Leah grew up on a cattle ranch in McCurtain County, Oklahoma, home to the logging industry, McCurtain County Gold, and the mediocre Edward Norton film, Leaves of Grass. Leah earned two degrees from Oklahoma State University (Go Pokes!) before heading to DC to run local political races. Her experiences growing up in an economically depressed community led her to progressive politics. Leah has served in communication roles at the Brookings Institute, the ACLU of Tennessee, and the Center for American Progress. Along this journey, Leah picked up a few new loves. First, and by far most important, her love of Ross (the editor of this FAQ section.) Leah also discovered a passion for growing food and for taking beautiful pictures. Leah currently splits her time between running her photography business, GrayKammera Photography, and running Working Over Thyme Farm with Ross. Leah enjoys having more than one drink in front of her (usually some combination of sweet tea, water, and beer) and napping with our farm dog, Ruby.

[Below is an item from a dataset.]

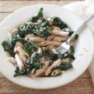 Bring a large pot three-fourths full of salted water to a boil over high heat. Add the kale or other greens and boil until the greens are just tender, 30 seconds to 6 minutes, depending on the variety of greens. Using a skimmer or a slotted spoon, transfer the greens to a colander and drain. Return the water in the pot to a boil, add the pasta, stir well and cook until al dente (tender but firm to the bite), about 10 minutes.

Ross hails from Columbus, Ohio, land of the Buckeyes and monoculture corn. He holds both a law degree and a MPH from George Washington University. Since 2007 Ross has lived and worked in DC as a healthcare attorney. In 2007 Ross took a step that would forever change his outlook on life: he started a backyard garden. Since that first 4X4 raised vegetable bed, Ross has been in love with the soil and all of the mysteries that it holds. He holds a certificate in permaculture from Prince Georges Community College and is a certified Master Gardner in Washington, DC. Now on the weekend, Ross throws on his coveralls and gets to work. He enjoys craft beer, nerf guns, and playing with his farm dog, Ruby.
We may not be your typical farmers but our path is different and uniquely ours; it is also what makes us, "us." We have a love and respect for the land and for the soil in which our produce grows. We think from the ground up and believe that slow and steady beats fast and pretty. We believe our city jobs have helped make us better people and better farmers.
Some call us hobby farmers or gentleman farmers. We accept those titles, although we don't embrace them. Farming is not our hobby, it is our way of life and what we love. We don't know what the future will bring just yet, but we are certain it will always include a love for the land and passion for community.